(Stored items)
━━━━━━
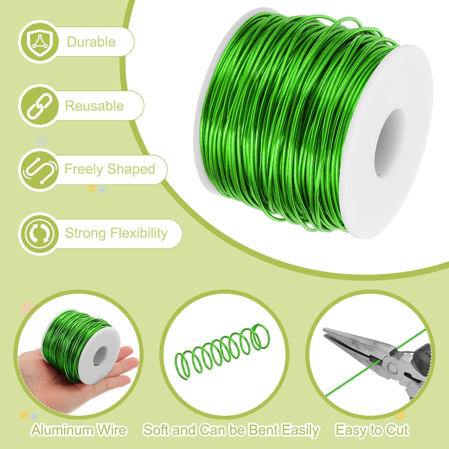 MECCANIXITY 15 Gauge Anodized Aluminum Craft Wire Bendable Bonsai Training Wire 223 Feet 1.5mm for Sculpting Crafts Wreath Floral Beading Jewelry Making, Green
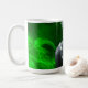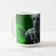 Konstnärlig mugg med gråskaleporträtt av kvinna omgiven av lysande smaragdgrön ljus, symboliserar vitalitet, mystik och kreativ förnyelse
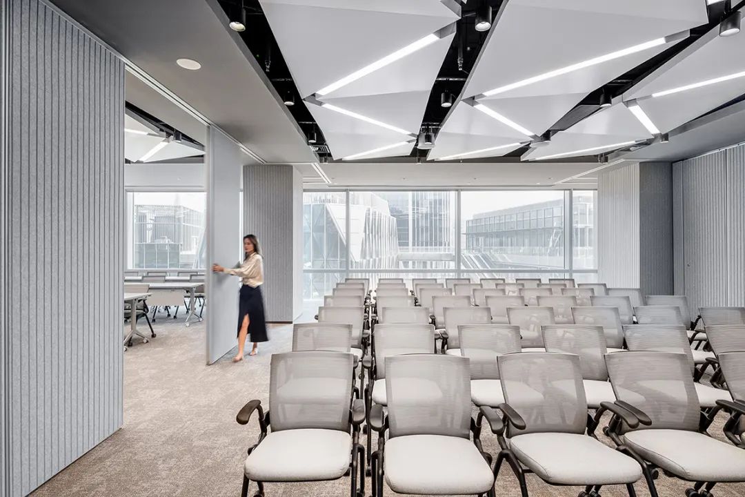 Acoustic control system (sound-absorbing ceiling, wall) and intelligent storage cabinets and other details optimize the office experience and health comfort.
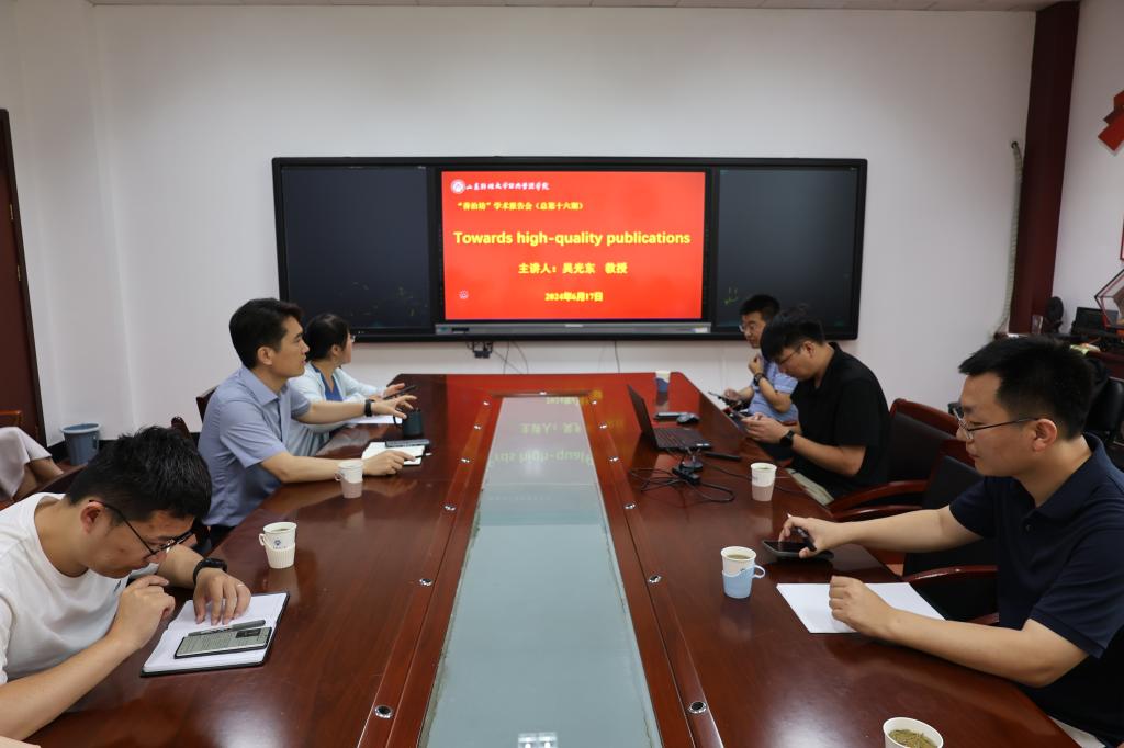 土地资源与城市发展管理系主任、国家级青年人才吴光东教授,他以“Towards high-quality publications”为主题,分享了其发表在公共管理顶级期刊的研究成果及相关经验,副院长曲衍波教授主持了报告会,城市与土地资源管理系教师、研究生以及山东大学管理学院孔庆山副教授参加了本次活动。
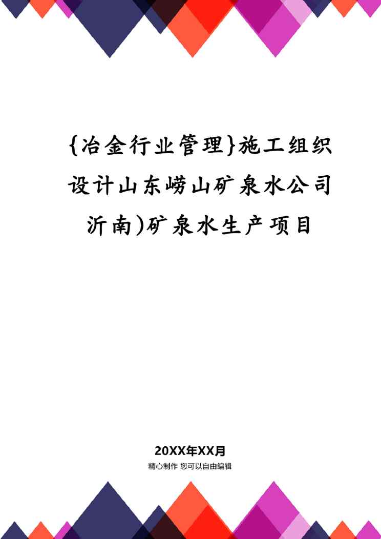 不久前,最新文档《{冶金行业管理}施工组织设计山东崂山矿泉水公司沂南)矿泉水生产项目》全文正式在本站发布,感兴趣的用户可以下载阅读。 声明:本站所有文章,如无特殊说明或标注,均为本站原创发布。任何个人或组织,在未征得本站同意时,禁止复制、盗用、采集、发布本站内容到任何网站、书籍等各类媒体平台。如若本站内容侵犯了原著者的合法权益,可联系我们进行处理。
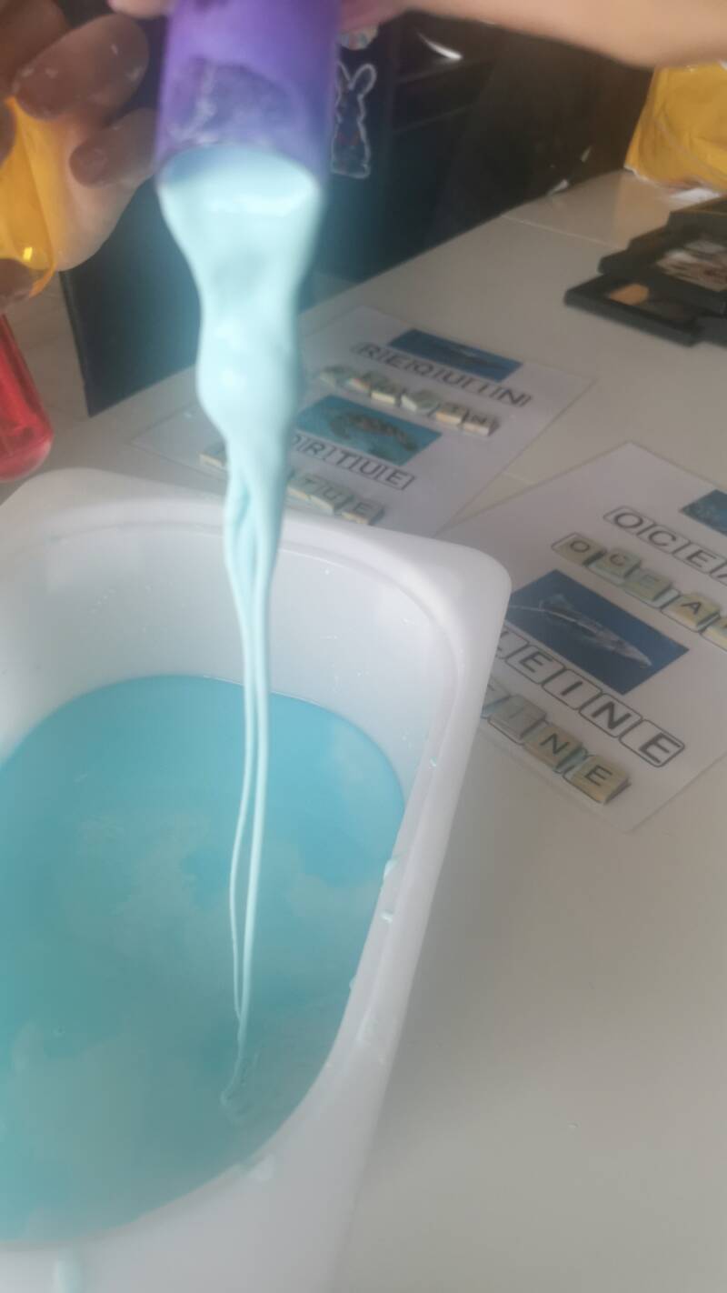 - transvasement avec une cuillère cette fois le sable est remplacé par du bicarbonate de soude rose. Il sera utilisé avec du vinaigre
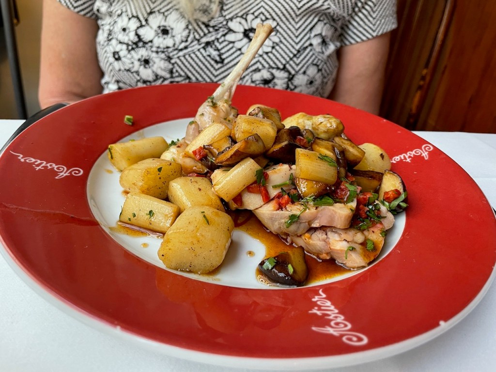 Joanna really enjoyed her dish, but I found my veal to be not as tender as one would anticipate with this cut of meat and the accompanying peas were not cooked quite enough to compensate. All in all, I was a little disappointed in a meal I had been looking forward to for some time. However, this was all made whole when we, having ordered it ahead of time, split the Black Chocolate Souffle with candied Kumbawa (Kaffir LIme) zests. As can often be the case, overall, the meal didn’t quite live up to my expectation, which happens when one compares it to a prior visit, one tinged with an associated memory that likely enhanced that experience. None the less, we got out of there for a 96-Euros ($103) which is a bargain given we had three glasses of wine.
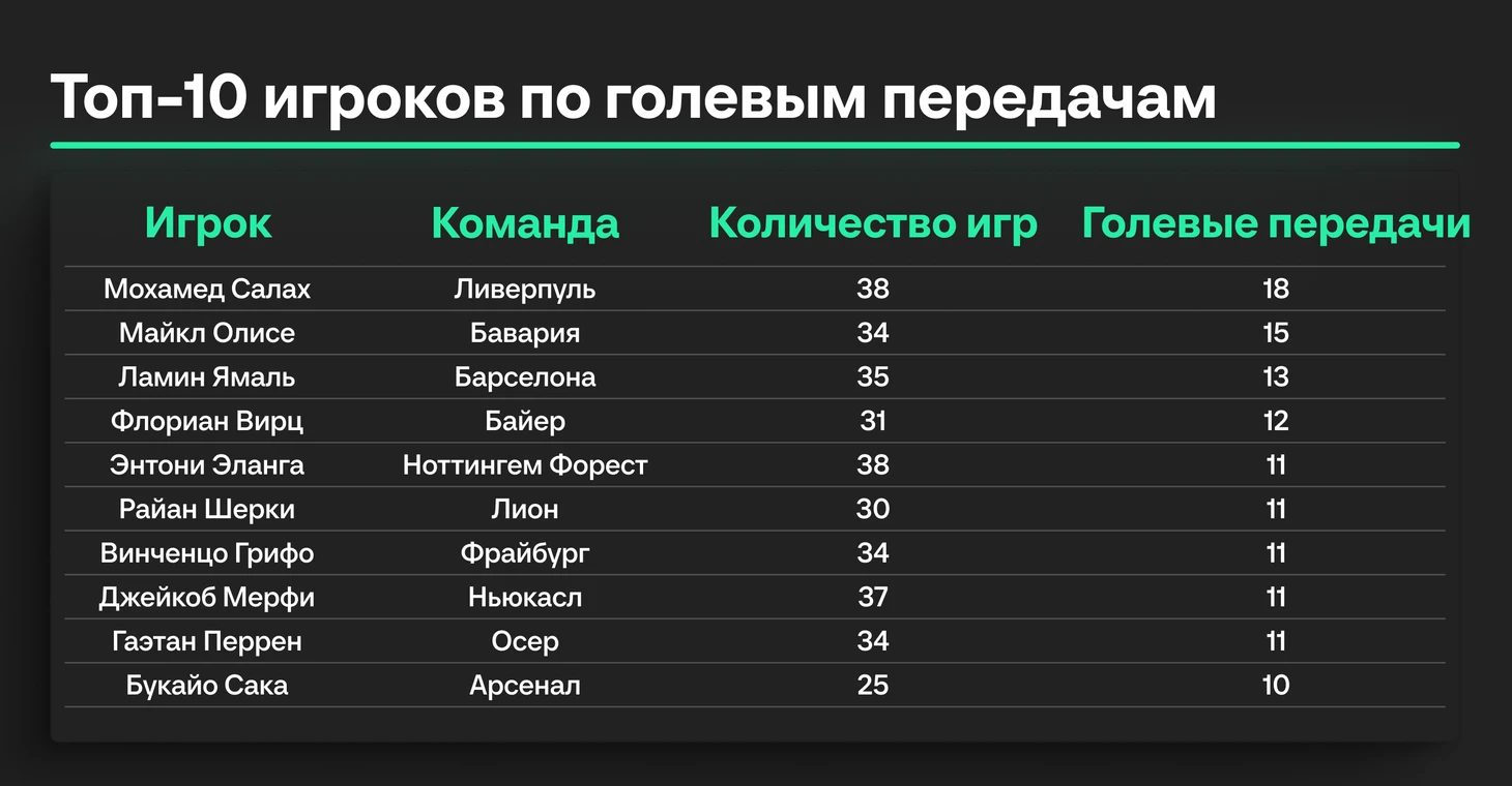 Мохамед Салах — на уверенном первом месте в Европе по голевым передачам. Звезда «Баварии» Майкл Олисе — на втором. Немного от них отстал 17-летний Ламин Ямаль.
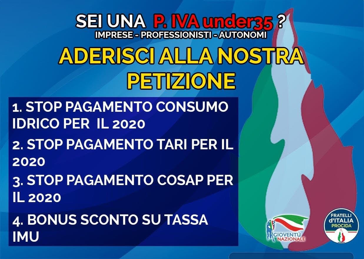 PROCIDA -I giovani di Fratelli d’Italia, nelle persone dei rappresentanti Maurizio Visobello e Michele Lubrano Lobianco, alla luce della mancate risposte dell’Amministrazione sulle proposte già formulate, lanciano un pubblica petizione per fare in modo che, per agevolare le partite IVA under 35 in grossa difficoltà, venga abolito il pagamento del consumo idrico SAP, della TARI, della COSAP e previsto uno sconto del 50%  sull’IMU.
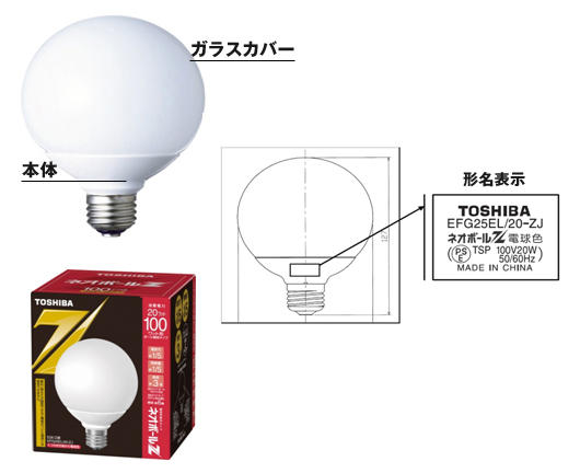 弊社が下記照明商品に採用いたしました東芝ライテック(株)製電球形蛍光灯(形名:EFG25EL/20-ZJ)において、ガラスカバーと本体の接着強度が一部弱いものがあり、電球寿命時に極めて稀に内圧が高まるとガラスカバーが破損・落下する可能性のあることが判明いたしました。
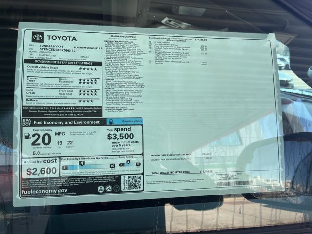 For sale in Salt Lake City UT. Mark Miller Toyota serving UT, offers great prices on a 2025 Toyota Tundra Hybrid Platinum. We are located at 730 S West Temple in Salt Lake City. Discount refers to Mark Miller Toyota Discount. Dealer retains all manufacturer rebates. College Grad and Military Rebates are not included Discount not valid with any other offers. Plus tax, Licensing, and registration.
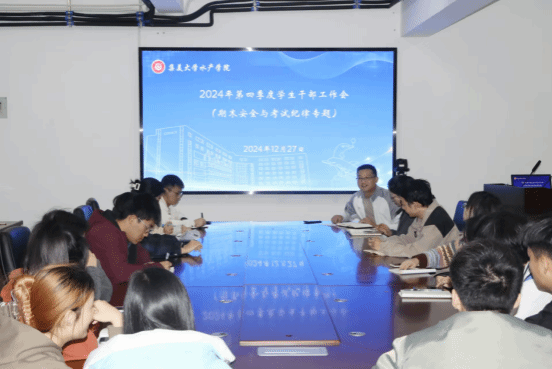 近日,水产学院召开专题工作会议,重点开展迎接本科教育教学审核评估再动员及期末安全、考试纪律相关工作布置。会议由学院党委副书记苏文土主持,学院团委书记王鹏、各年级辅导员以及班级主要学生干部参加会议。
━━━━━━
* **Work required**: Give the lines again exactly, beginning with the first line of the records above and ending with the line that contains "Konstnärlig mugg med", and include no pictures.

* **Exercise response**:
 MECCANIXITY 15 Gauge Anodized Aluminum Craft Wire Bendable Bonsai Training Wire 223 Feet 1.5mm for Sculpting Crafts Wreath Floral Beading Jewelry Making, Green
 Konstnärlig mugg med gråskaleporträtt av kvinna omgiven av lysande smaragdgrön ljus, symboliserar vitalitet, mystik och kreativ förnyelse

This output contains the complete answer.